Furthermore, nothing in the song indicates that the character stayed blind drunk even for six months, which is how long the judge says he was demanding kickbacks.  By coincidence that also happens to be the the length of time during which the FBI documented the judge's shakedowns.  Amazing, isn't it, the staggering good luck that led the FBI to begin its investigation into the judge's regular commission of major felonies on a systematic basis at the precise moment the judge first began to commit them?

(The prosecution's witnesses alleged that the judge's shakedown schemes continued for ten years, and I'd peg the probable truth of those allegations at someplace north of 99.99%.)
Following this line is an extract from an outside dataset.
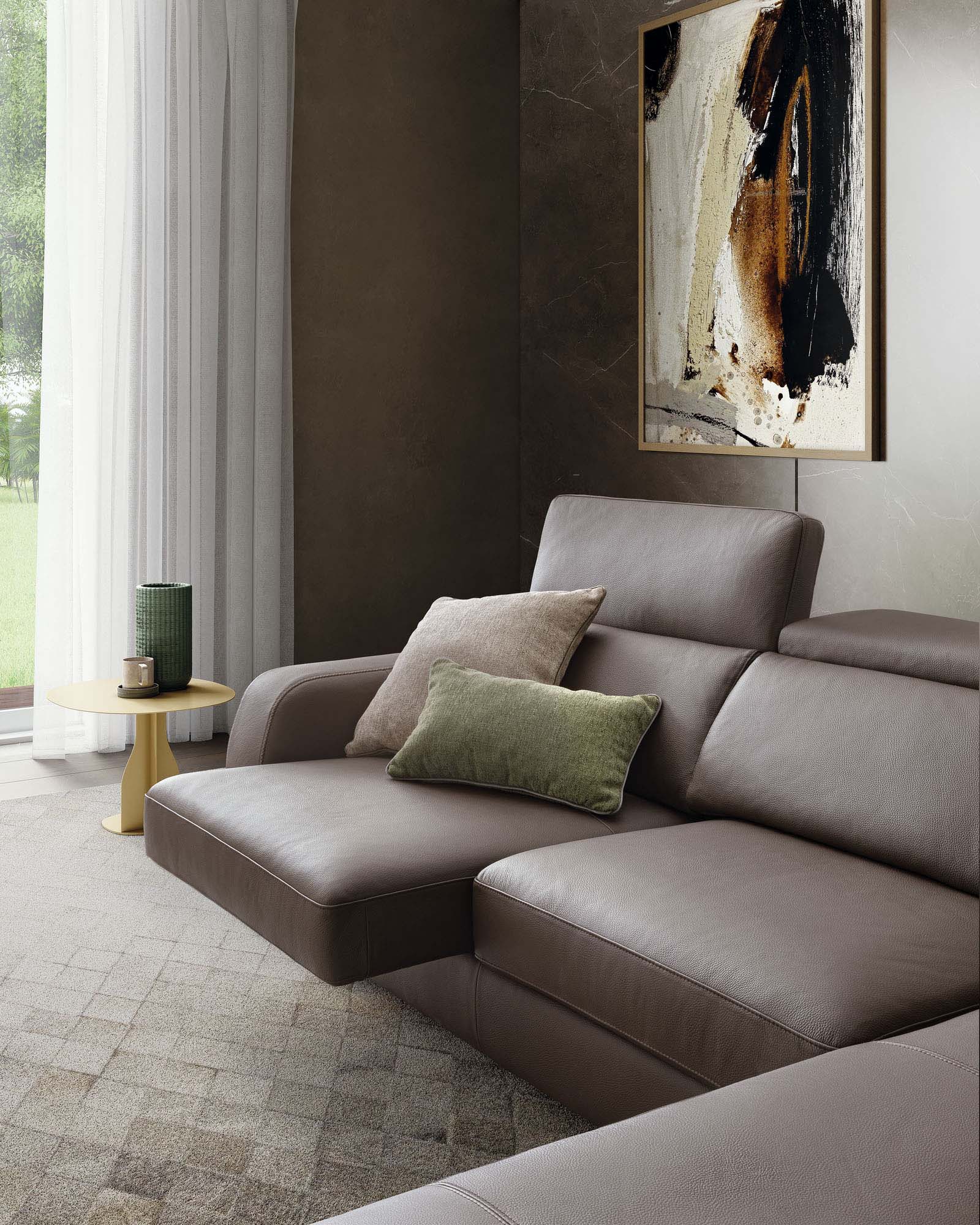 Scopri il Divano Graffiti LeComfort, una soluzione dinamica e raffinata per il tuo soggiorno. Grazie alle sedute estraibili, puoi trasformare la profondità della seduta in base alle tue esigenze. I poggiatesta regolabili offrono un supporto ergonomico personalizzato, mentre le cuciture a vista aggiungono un tocco di artigianalità sofisticata. Componibile con chaise longue, angolare o lineare, ed è disponibile in rivestimento tessuto o pelle (sfoderabile), il divano Graffiti esprime movimento e stile firmato LeComfort.

So ex-Judge Austin, we know for a fact, was a thug who used his power to shake down local business people in the style of Mafia hoodlums.   We can feel quite certain that he's also lying to the federal judge.  He gives every sign of lacking a conscience, the distinguishing feature of sociopaths.  But he's got one thing going for him.  It's the trump card played by his attorney:  He's heterosexual. 

Tending to confirm my long-distance diagnosis of sociopathy, ex-Judge Austin was cruel enough to get one of his own children to write, or at least attach his or her name to, a letter to the sentencing judge that said, "My younger brother will have to live with his mother and her new girlfriend if my dad has to go away."   It will be interesting to see whether a judge in Tennessee will be receptive to the argument that it's better for a child to be raised by a crook and a liar - and the type of creature who would extort such a letter from his own child - than by a lesbian.

Austin's lawyer, trying to put a positive spin on things, pointed out in his sentencing memorandum that "[a]t no time was Mr. Austin charged with any crime or with judicial impropriety prior to the current indictment, and the current charges did not compromise his judicial integrity."  Which raises the interesting philosophical question: Is it possible to compromise a quality you don't possess?